• What this task involves: The material below holds the lines to copy: from the one with "Nike SB Dunk" up to and including the one with "4.统分阶段:一轮游戏过后,会弹出得分表". Copy them exactly and skip the pictures.

• Exercise materials:

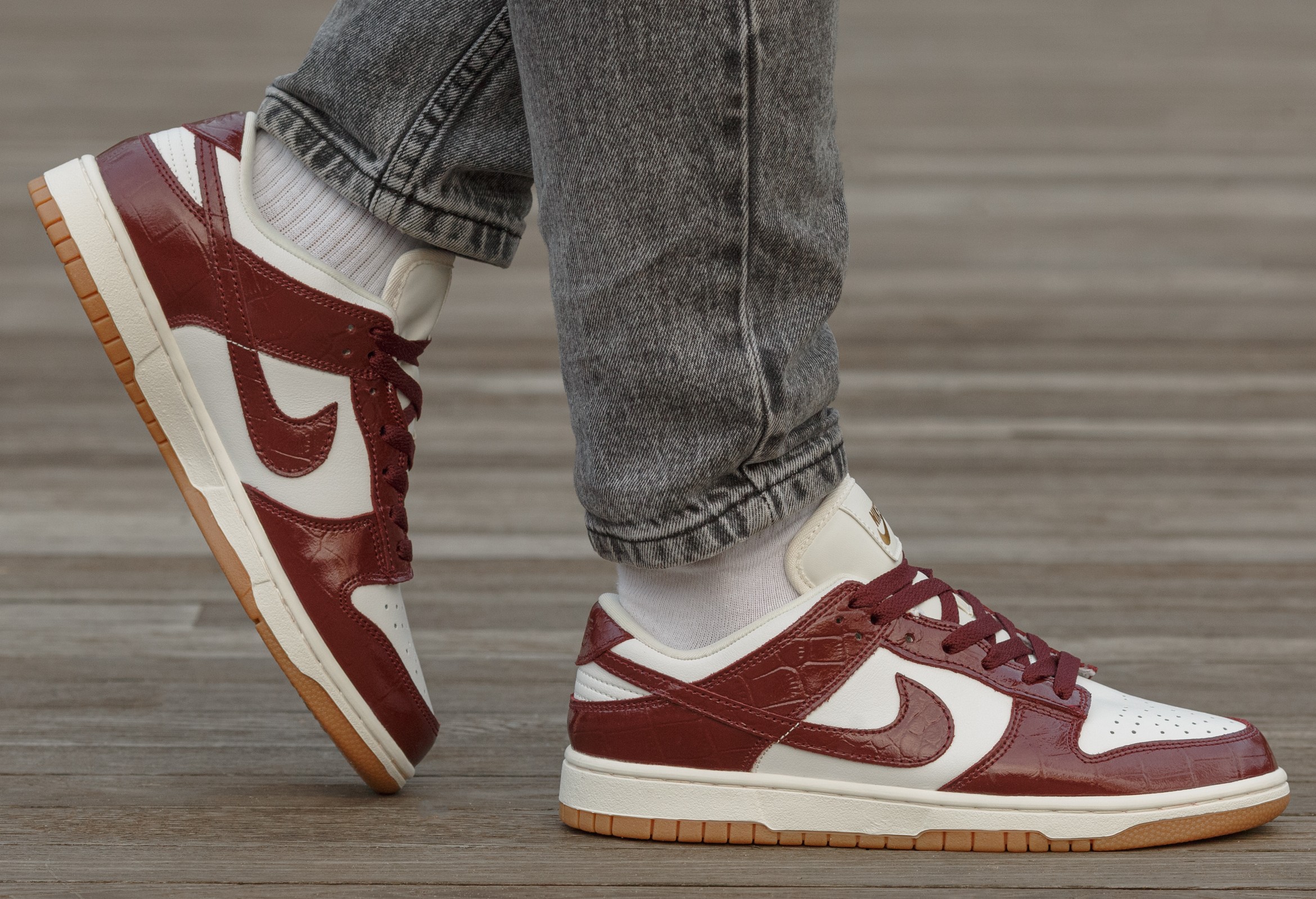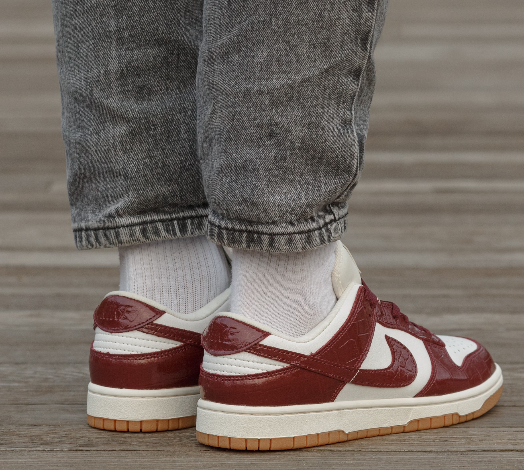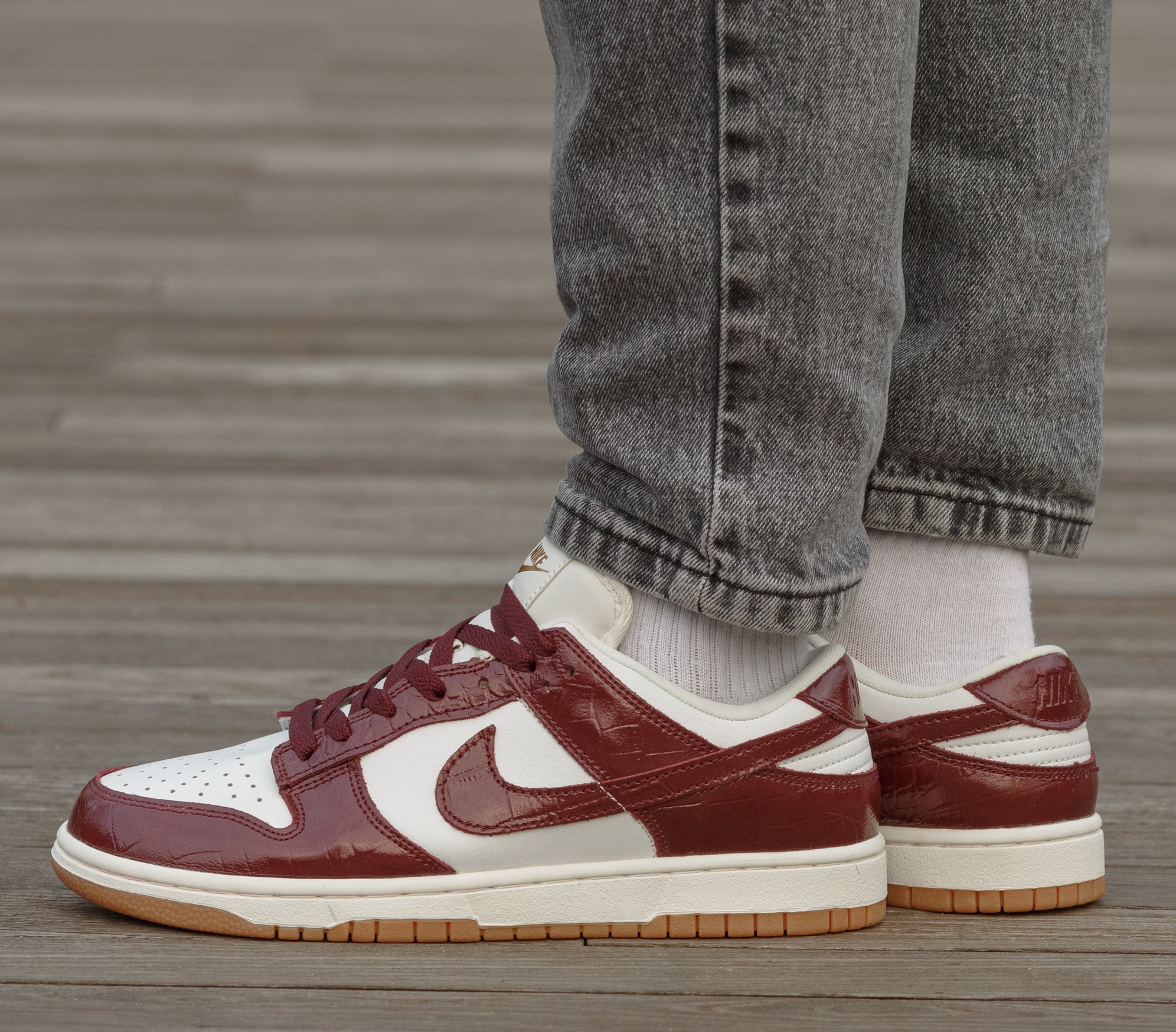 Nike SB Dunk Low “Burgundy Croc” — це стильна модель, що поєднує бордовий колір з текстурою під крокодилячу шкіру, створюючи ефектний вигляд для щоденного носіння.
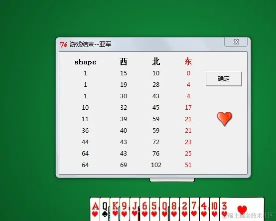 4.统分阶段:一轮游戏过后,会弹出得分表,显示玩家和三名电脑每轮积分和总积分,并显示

---

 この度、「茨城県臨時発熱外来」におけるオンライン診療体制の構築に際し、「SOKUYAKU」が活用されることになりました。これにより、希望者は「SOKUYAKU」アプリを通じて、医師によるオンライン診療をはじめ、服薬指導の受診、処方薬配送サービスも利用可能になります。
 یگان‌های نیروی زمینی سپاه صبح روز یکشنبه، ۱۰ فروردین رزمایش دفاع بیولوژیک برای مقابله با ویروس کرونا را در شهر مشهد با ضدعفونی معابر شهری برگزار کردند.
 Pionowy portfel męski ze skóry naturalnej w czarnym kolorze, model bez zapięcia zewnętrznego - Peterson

• Output for this task:
 Nike SB Dunk Low “Burgundy Croc” — це стильна модель, що поєднує бордовий колір з текстурою під крокодилячу шкіру, створюючи ефектний вигляд для щоденного носіння.
 4.统分阶段:一轮游戏过后,会弹出得分表,显示玩家和三名电脑每轮积分和总积分,并显示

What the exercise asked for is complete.